SHOTS Magazine reports:
It is with deep sadness that Shots reports the death of Roy Peter Martin, better known to crime fiction fans as James Melville and Hampton Charles, who passed on 23rd March, aged 83, only weeks before his most famous crime series, the novel featuring Japanese policeman Superintendent Otani, was to be brought back into print by Ostara Crime, after a gap of more than thirty years.
Roy Peter Martin was born in London in 1931. He read philosophy at Birkbeck College and after National Service in the RAF worked in local government and then entered teaching. In 1960 he became a British Council Officer and thereafter his career was in cultural diplomacy and educational development in Indonesia, Japan and Hungary. In 1979 he returned to Japan as Head of the British Council and began to write the Superintendent Otani series of crime novels which “provided a vivid and multi-stranded portrait of Japanese society, caught between its traditional (and often hidebound) past and the exigencies of modern life”. He also wrote historical novels set in Japan and spy novels which drew on his experiences in Indonesia and Hungary.

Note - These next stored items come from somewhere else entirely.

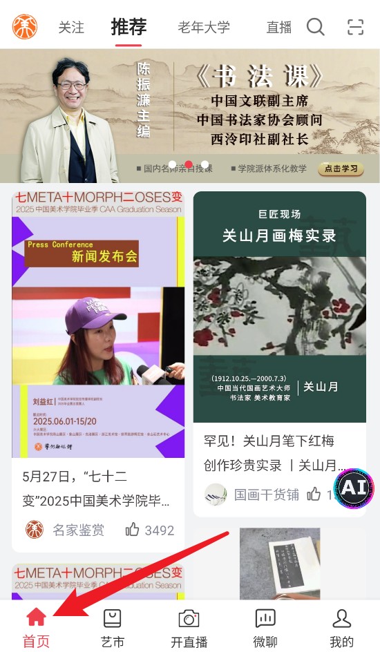 5、在“首页”可浏览推荐资讯、展览信息与艺术活动,获取丰富的内容与动态更新。
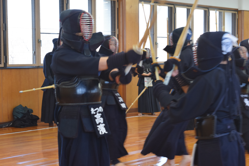 【寒稽古の実施】 冬の厳しい寒さの中で行われ、冬の季語でもある「寒稽古」 たつの警察署長
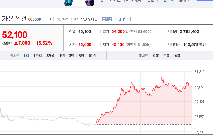 6. 가온전선 등락률: +15.52%
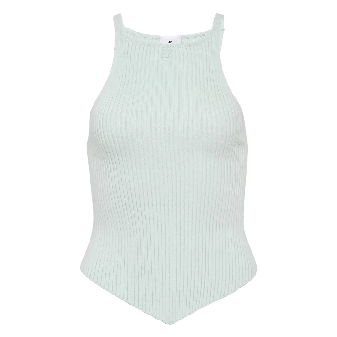 600079347LBL00L / 125MTO042FI0001/00/7038 - Premium ribbed knit construction - Signature pointy hemline - Sleeveless tank design - High neckline - Slim fitted silhouette - Stretch fabric for comfort Courreges Signature Pointy Rib Knit Top delivers modern French sophistication with architectural design details. Crafted from premium ribbed knit fabric in soft mint green, featuring the brand's signature pointy hem construction and slim tank silhouette. The structured ribbing and contemporary cut create a refined statement piece that embodies Courreges' futuristic aesthetic.
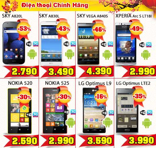 Điện thoại SAMSUNG, Sky, LG cảm ứng vơi mức giá khuyến mại khá mềm, Samsung galaxy i9000 chỉ còn 1990.000 VNĐ, Galaxy Note 2 giá bán 7.690.00.
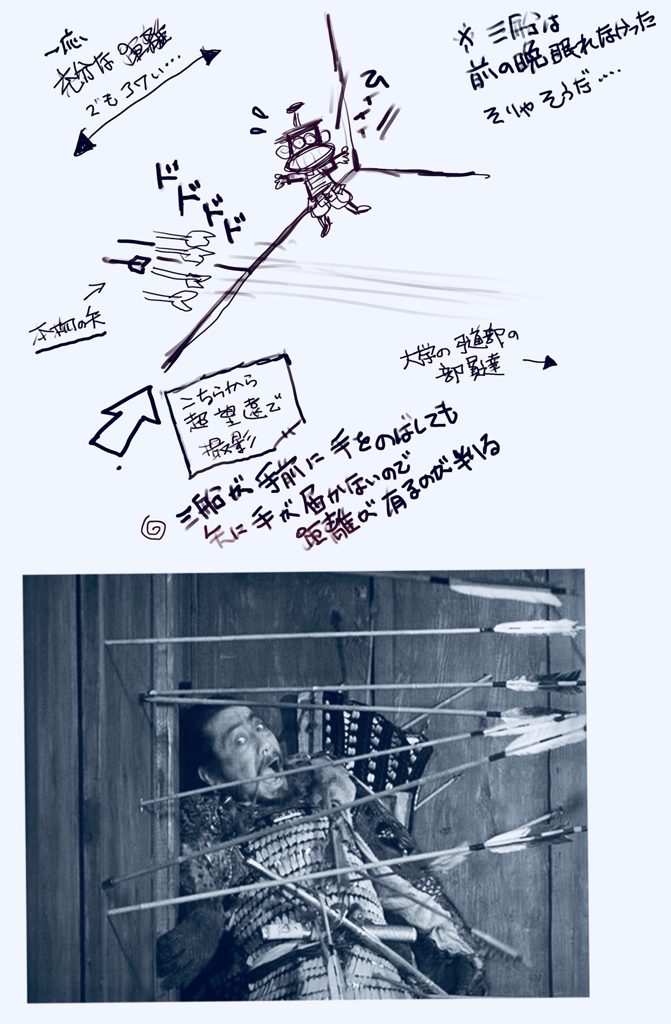 | … | 6526/04/18(土)06:06:02No.1421371469+>壁に刺さる矢は三船と弓手の距離が開けると矢の勢いが弱くて迫力がないし矢の逸れ幅が大きくなるから |

Under the pen name Hampton Charles, he continued
the ‘Miss Seeton’ series of stories (gentle parodies of Agatha Christie’s Miss
Marple books) originally written by Heron
Ostara Publishing are to release new Ostara Crime editions of James Melville’s first three ‘Otani’ novels: The Wages of Zen, The Chrysanthemum Chain and A Sort of Samurai. Further details on: www.ostarapublishing.co.uk.
Read the Obit in The Guardian by his sons James and Adam Martin.
2 comments:
Oh such sad news! I loved his Otani series.
me too.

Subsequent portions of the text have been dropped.